Côté diesel, le 1.6 HDi (2009-2015) présente un filtre à particules particulièrement sensible au colmatage, surtout en usage urbain. Son volant moteur bi-masse fragile, ses injecteurs défaillants et son turbo peu fiable en font un moteur à éviter. La vanne EGR s’encrasse facilement, nécessitant un remplacement coûteux d’environ 500€.
Le 2.0 HDi/BlueHDi (2009-2012) n’est pas en reste avec ses injecteurs problématiques, sa consommation d’huile excessive et sa vanne EGR défectueuse. Le système AdBlue présente également des faiblesses, avec des phénomènes de cristallisation dans le réservoir et une déformation possible de celui-ci. Les réparations peuvent atteindre 2000€ pour l’ensemble du système.
Pour vous faire une idée précise des coûts d’utilisation, il est important de connaître la consommation réelle du Peugeot 3008 selon les motorisations, car certaines versions présentent des écarts significatifs par rapport aux données constructeur.
Les modèles recommandés pour un achat plus serein
Malgré ces problèmes, certaines versions du Peugeot 3008 méritent votre attention. Nous recommandons généralement les modèles post-restylage (2013 pour la 1ère génération, 2020 pour la 2ème), qui bénéficient des corrections apportées aux défauts identifiés sur les premiers millésimes.
Le 1.2 PureTech 130ch produit après 2018 a vu la plupart de ses problèmes résolus par le constructeur. Le 1.5 BlueHDi 130ch, toutes années confondues, fait preuve d’une fiabilité remarquable et constitue un excellent choix pour les gros rouleurs. De même, le 2.0 BlueHDi 150ch produit après 2019 offre un bon compromis entre performances et fiabilité.
Pour les amateurs de sportivité, le 1.6 PureTech 180ch après 2018 présente une fiabilité nettement améliorée. Les versions hybrides produites après 2021 bénéficient également des correctifs apportés aux premiers modèles et constituent une alternative intéressante pour réduire votre budget carburant.
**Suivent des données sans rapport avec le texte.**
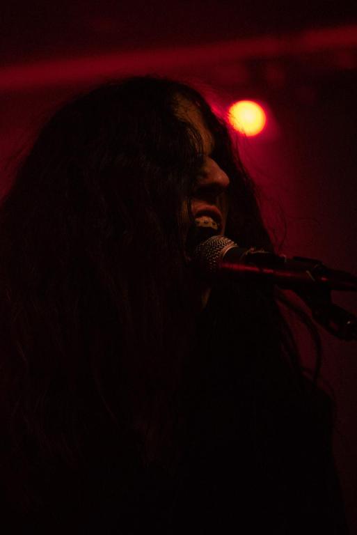Akkompagneret af atmosfærisk susen og skratten fra højtalerne indtog kvartetten selvsikkert scenen i det lille lokale, der efterhånden var godt fyldt op med forventningsfulde metalentusiaster. Allerede inden sættet for alvor begyndte, fremstod de fire musikere som én enhed med et strømlinet visuelt udtryk, og selvom dette blot var anden optræden med bandets nye bassist, Lucas Nørup, lignede det, at han altid havde været med. Det skulle vise sig, om det auditive ville stå lige så snorlige. Et ubestridt højdepunkt var definitivt deres spritnye single, “Collide”, der har veleksekverede temposkift ført an af trommen spillet af Anton Hansen og guitarpassager, der balancerede perfekt mellem sagte klimpren og hårdtslående riffs leveret af Lasse Braun. Det vidnede om, at bandet virkelig er ved at finde deres helt egen stil. På grund af det meget voluminøse lydbillede blev udtrykket til tider desværre en smule mudret, og særligt vokalen var engang imellem lidt svær at høre gennem de massive trommepassager – det kom dog også en smule an på, hvor i rummet man befandt sig. Langt hen ad vejen kom Blodmåne dog rigtig godt fra land og leverede en optræden, der bugnede af fortræffeligt guitararbejde, medrivende melodier og intensitet. Sættet blev afsluttet af “Luctus”, der lagde op til aftenens allersidste pit.
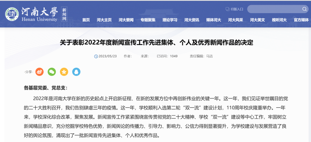 循时代征程,传哲管之声。5月23日,我校对2022年度新闻宣传工作先进集体、个人与优秀作品进行表彰,糖心视频 荣获多项荣誉。

Pour maximiser vos chances d’acquérir un véhicule fiable, privilégiez un exemplaire avec un historique d’entretien complet et transparent. N’hésitez pas à faire inspecter le véhicule par un professionnel avant l’achat, en portant une attention particulière à l’état de la distribution, au niveau d’huile et au fonctionnement du turbo.
En suivant ces conseils et en évitant les modèles à risque, vous pourrez profiter pleinement des qualités indéniables du Peugeot 3008 : son confort, son habitabilité et ses équipements innovants qui en font, malgré tout, l’un des SUV les plus appréciés du marché français.